Soon a breathless dad showed up, followed by a somber family priest, and
then the cops. I remember the adults weeping in a prayer circle in a
separate room and the feeling of watching a nightmare unfold, and I had
to remind myself that, sometimes, the job is bearing witness to the
worst day of someone’s life.
I
tried in vain to coax the truth of what happened out of Sophia, sitting
next to her with a large anatomy atlas flipped open in my lap. She said
nothing. I was thankful there was a female police officer that was
among the throng at the clinic. It was this officer, when permitted to
speak with Sophia, who discovered the identity of the family member that
did this awful, unspeakable thing to her. And when the cops left to
arrest that relative, they headed to church, because the perpetrator was
at choir practice.
I
recall my focus ― my clear understanding that my only job was to ensure
that I was there to protect my patient.

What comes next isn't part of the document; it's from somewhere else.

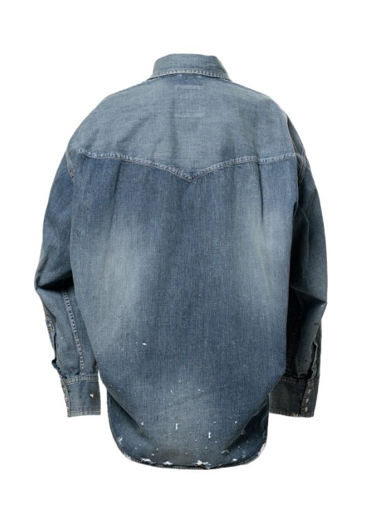キッズ ステッカー プリント デニム シャツ | Kids Sticker Printed Denim Shirt - INDIGO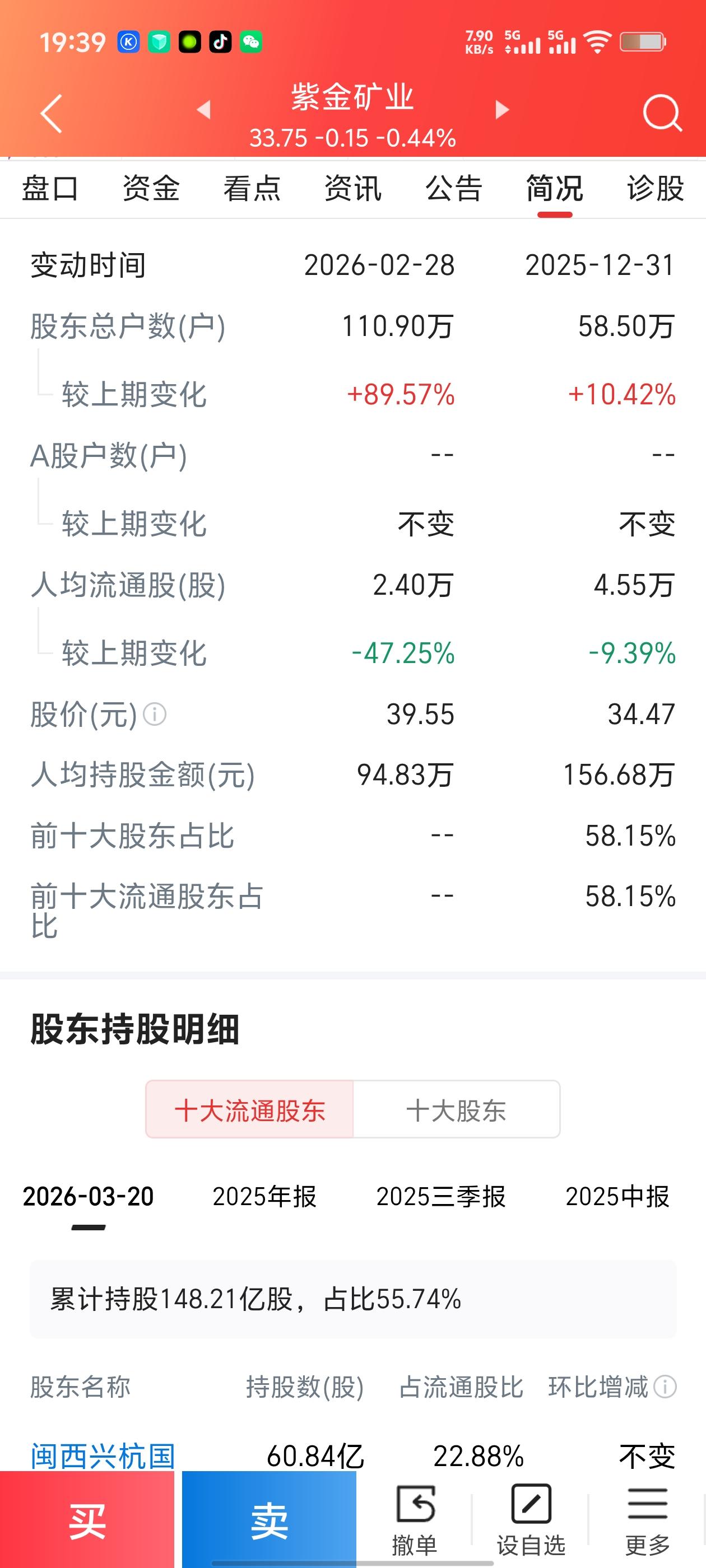 今日紫金矿业收报33.75元,微跌0.44%。

That whatever happened, my job
was to make sure that at every moment, Sophia was centered, and her
mental and physical health were the priority. To make sure that she
could find her way, in the midst of this trauma and unspeakable crime,
and that her precious life was protected.
And
part of that included a pregnancy termination. We would make certain
she had access to it and was able to get it immediately.

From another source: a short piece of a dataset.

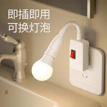 LED节能灯泡插座式壁灯床头灯护眼灯E27螺口婴儿喂奶插电带开关小台灯楼梯洗手间厨房照明灯插电小夜灯 三插头灯座+1W白光灯泡

There was no question that Sophia’s life mattered and it mattering meant that she would not be forced to give birth at age 11.
I
think about Sophia all the time, especially these days. I think about
all the Sophias in clinics like mine, as abortion protections are struck
down in state after state ― protections falling like wicked dominoes.

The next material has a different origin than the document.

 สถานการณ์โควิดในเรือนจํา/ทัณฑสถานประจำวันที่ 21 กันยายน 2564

I think about the words “except in cases of the life of the mother.”
The choice made that evening of the awful revelation was for the life of
the mother. A mother that should have never been and thankfully wasn’t.
And
though it might be easier to build consensus around abortion access for
an 11-year-old raped by a family member, the truth is that nobody,
anywhere, under any circumstance or in any situation should be forced to
give birth. Forced birth should never be a reality.
Sophia
is in her 20s now. I wonder how she has healed, how she has processed
that trauma. Did she get to go to college? Has she been able to trust an
intimate partner? Has she been pregnant on her own terms at the time of
her choosing? Does she have a child? I can see her wide face and her
soft smile in my mind’s eye and I know now, just as I knew then, that
the decision to terminate Sophia’s pregnancy, supported by the ones who
loved her the most, was a pro-life decision.
One
of the things my mind conjures up from that horrible day is the feeling
that the clinic was crowded. There was Sophia, her mom, then her dad
and the priest, and later the cops. There was the crying and the praying
and the disbelieving and the believing. I remember how small Sophia
looked. Her small face and her small hands and her small hips and how
this big, awful thing could happen to someone so small took the wind out
of the place.
I remember how tiny that clinic room felt. There was no room for politicians signing evil bills flanked by child props as old as Sophia, no room for Supreme Court justices who claim to value life while wondering aloud how pregnancy can be an undue burden.
No room for those extraneous, unnecessary, useless others in that most
intimate of spaces. Our clinic rooms will always be too small for
anybody but providers and our patients.
And
we will fight for this sacred space, fight for it to be free of cynical
politicians and their divisive games. They have never been invited in
and we are not about to sit back or stand by while they force their way
in.
Note: Names and specific details have been changed to protect the privacy and safety of individuals mentioned in this essay.